TASK GOAL. The reply to the records below should contain exactly the lines from the line with "Um gráfico vertical" through the line with "Rebecca Kwan as", and nothing besides.

INPUT FOR THIS TASK.
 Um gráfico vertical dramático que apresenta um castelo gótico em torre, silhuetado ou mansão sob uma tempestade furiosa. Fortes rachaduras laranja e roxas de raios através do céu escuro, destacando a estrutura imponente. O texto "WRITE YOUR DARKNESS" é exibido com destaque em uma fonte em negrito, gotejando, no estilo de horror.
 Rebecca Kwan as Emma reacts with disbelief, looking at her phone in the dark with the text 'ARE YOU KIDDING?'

---

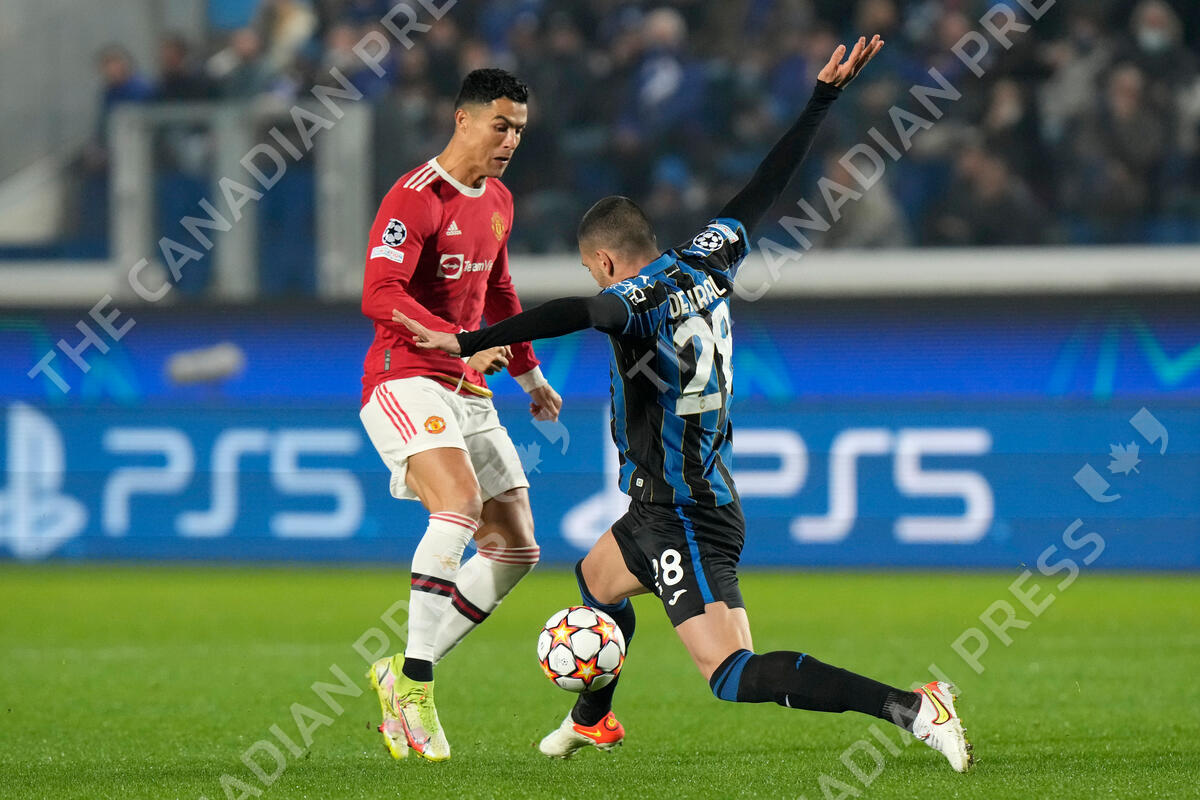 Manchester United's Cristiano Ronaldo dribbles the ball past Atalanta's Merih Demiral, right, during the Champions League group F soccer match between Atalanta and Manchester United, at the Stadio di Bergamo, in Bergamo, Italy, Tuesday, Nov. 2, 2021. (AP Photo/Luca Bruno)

SOLUTION BELOW.
 Um gráfico vertical dramático que apresenta um castelo gótico em torre, silhuetado ou mansão sob uma tempestade furiosa. Fortes rachaduras laranja e roxas de raios através do céu escuro, destacando a estrutura imponente. O texto "WRITE YOUR DARKNESS" é exibido com destaque em uma fonte em negrito, gotejando, no estilo de horror.
 Rebecca Kwan as Emma reacts with disbelief, looking at her phone in the dark with the text 'ARE YOU KIDDING?'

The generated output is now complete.